During the time between the first and second drafts were were thrown a curve-ball.  The partners had contracted an entirely different company to create the app.  The technical framework with which we had been working was going to change.  Work temporarily paused, and we knew that new specification from this company could change some of our plans.  How many images would there be per site?  What were the format requirement for the audio and video?  Was there a limit on the number of sites?  These were all important questions we had to address before we could start ordering digital copies of our images, paying for the rights to use them, and record our audio.

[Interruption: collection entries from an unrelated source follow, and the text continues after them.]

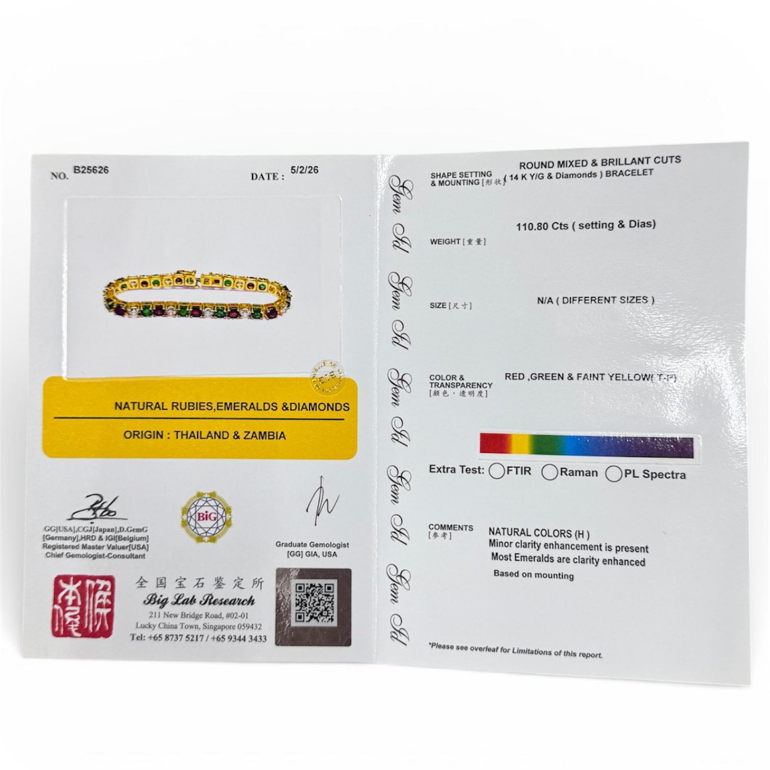 14KYG Precious Stone (Ruby, Emerald) Diamond Bracelet w/Cert
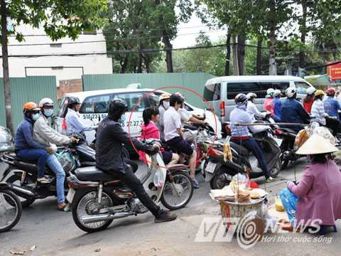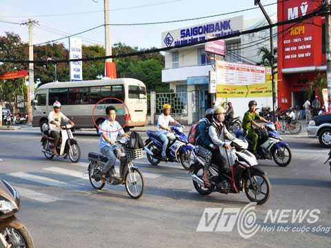 | Ghi nhận cả ngày, chúng tôi chỉ thấy mỗi ông Trần Lạt nghiêm chỉnh chấp hành luật giao thông khi đội nón bảo hiểm |
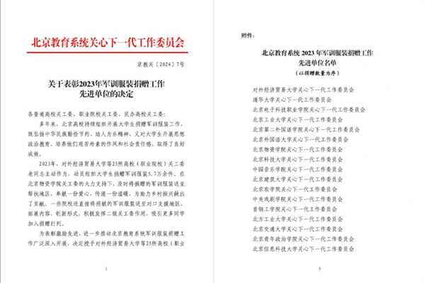 学校关工委积极响应北京教育系统关工委号召,与学工部(武装部)、各学院关工委共同组织动员军训学生捐赠军训服装1416件,被授予“北京教育系统2023年军训服装捐赠工作先进单位”荣誉称号。
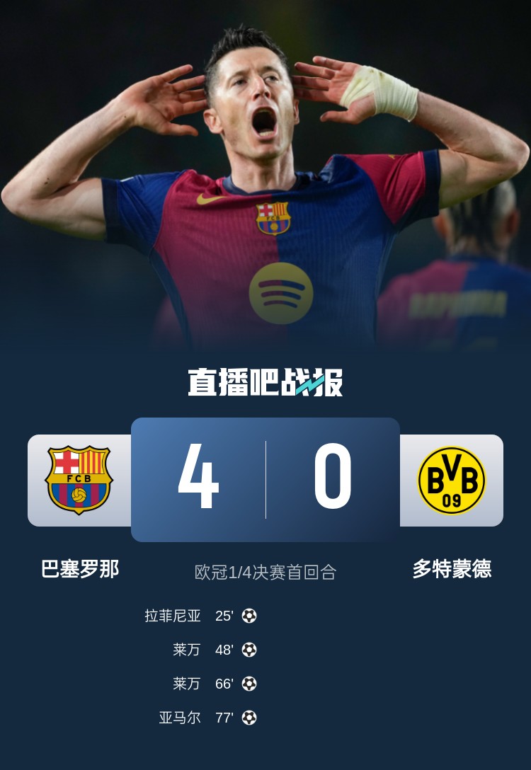 04月10日讯 欧冠1/4决赛首回合,巴塞罗那坐镇主场4-0大胜多特蒙德。
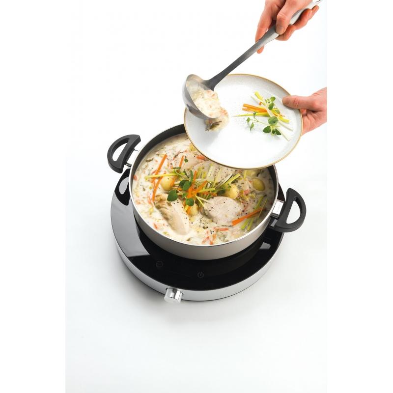Fritel overrasker med en fritstående XL induktion kogeplade i sort hærdet krystalglas. Alle har allerede oplevet dette problem: På trods af en stor induktionskogeplade er der ikke nok kogeplader. Apparatet er velegnet til madlavning, bagning og stegning med små eller store gryder og pander. Derudover kan kogepladen også holde dine retter varme i op til 3 timer.
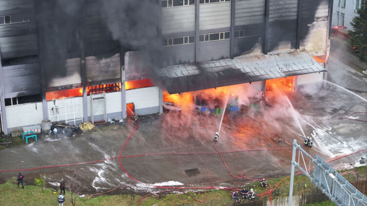 İtfaiye ekiplerinin yangını söndürme çalışmaları devam ediyor. Fabrika çevresindeki binalar da güvenlik nedeniyle boşaltıldı.

After a Skype call between our team, the partners, and Weever (the app company) we were all - for the most part - on the same page, and we kept working toward a final draft.  Weever was eager to start adding content as they were planning on a launch date in May, but we were still waiting for feedback from the partners on our second draft.  I had been serving as a large group facilitator, and I lost track of the number of email sent with images and audio.
Final Draft PowerPoint

Finally, I sent the last of the content to Weever, and gave Professor Mike Dove a hard copy of our final draft, along with a final budget and permissions for all of our images, audio, and video.  It is hard to express the relief that followed.  

There have been a few changes since turning in our final draft.  We were sent a temporary link to the app in progress, which I opened to discover our sites had been combined with dozens more in the south west Ontario region.  It had been decided rather than to do several small regional apps, to just do one large app.  This meant that while our narrative was still there, it was a bit lost among all the other sites.  There were also some edits that needed to be made to the content, and missing captions (which provided information about where we got our content - which was sometimes a condition of permission to use it.)  These issues are being addressed, and I look forward to having a final product I can proudly show to prospective employers when I start interviewing for a job this fall.

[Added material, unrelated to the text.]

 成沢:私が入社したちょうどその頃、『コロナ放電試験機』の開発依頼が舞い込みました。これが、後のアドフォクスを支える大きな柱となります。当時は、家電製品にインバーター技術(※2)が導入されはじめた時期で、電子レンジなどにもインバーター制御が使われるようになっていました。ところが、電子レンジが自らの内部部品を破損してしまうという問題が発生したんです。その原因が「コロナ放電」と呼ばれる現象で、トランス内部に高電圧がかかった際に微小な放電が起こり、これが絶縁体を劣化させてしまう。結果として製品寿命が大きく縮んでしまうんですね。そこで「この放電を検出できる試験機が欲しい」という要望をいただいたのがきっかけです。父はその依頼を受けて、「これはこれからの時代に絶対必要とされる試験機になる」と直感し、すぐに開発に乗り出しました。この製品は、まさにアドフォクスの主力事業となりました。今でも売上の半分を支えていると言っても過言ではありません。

Like I said at the beginning, this whole process has been a learning experience.  Those of you who know me, know that I take great pride in my work, and like to have control over the process (that may be what lead me to the role of large group facilitator...) as well as the final product.  I had to keep reminding myself, especially toward the end of the project, that we were just providing the content.  It isn't solely our app, we were contracted to work on it.  

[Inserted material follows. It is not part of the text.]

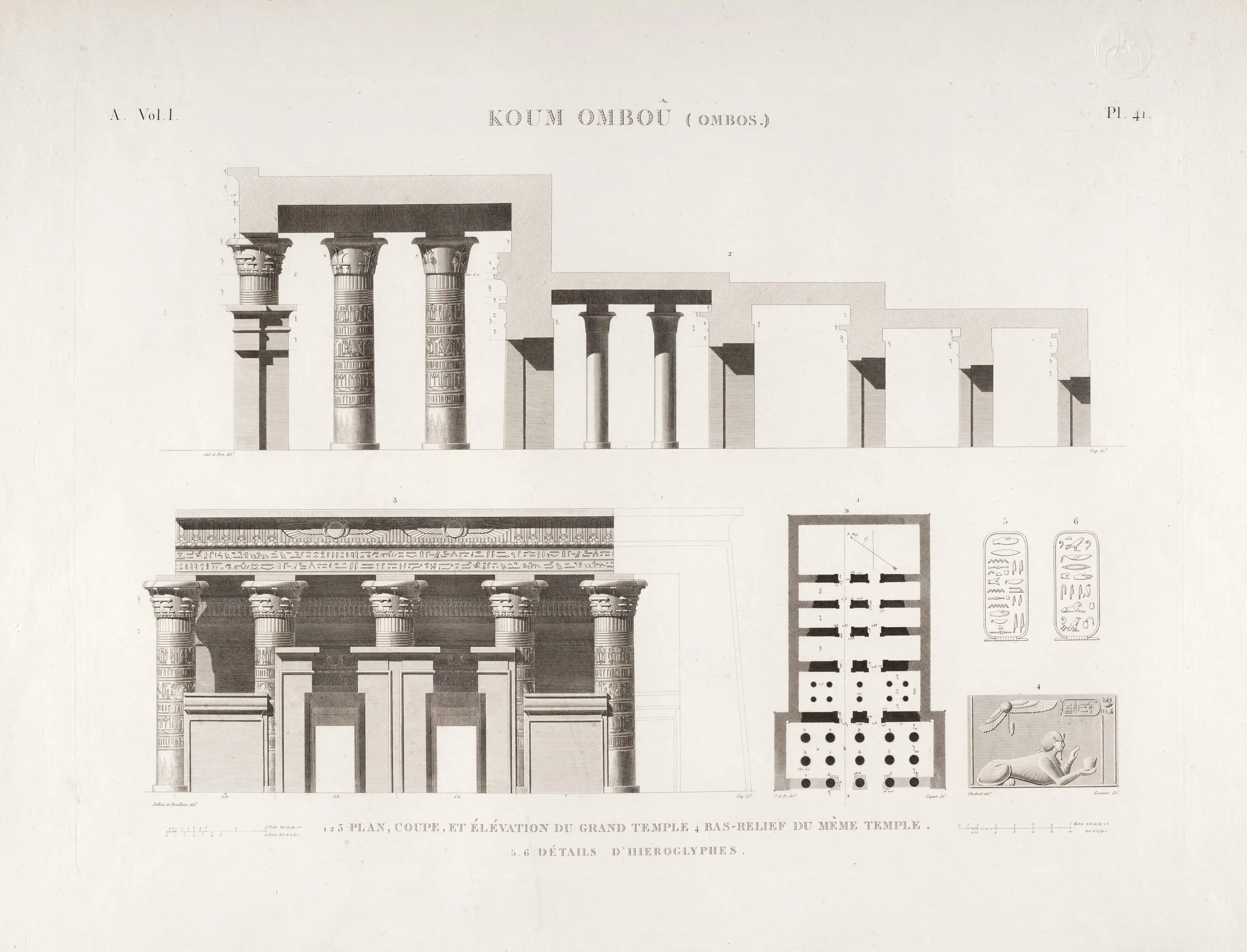 - Ombos. 1. 2. 3. Plan, coupe, et élévation du grand temple 4. Bas-reliefs du même temple. 5.-6. détails d'hieroglyphes.

This also became part of one of the biggest lessons I learned about graduate school - it isn't always about the product, sometimes it's about the process.  Is this project what I envisioned it would be when we started? No, not even really close.  Did I learn a lot in the process?  Absolutely.  I researched in archives, made contacts with local historians, sought permission to use images, work on maintaining a project budget, wrote historical text for public consumption, leaned how to be flexible in a contract position, lead group meetings, and with my small group presented our project at a national conference.  So regardless if the end product is what I thought it would be, it was certainly a successful one!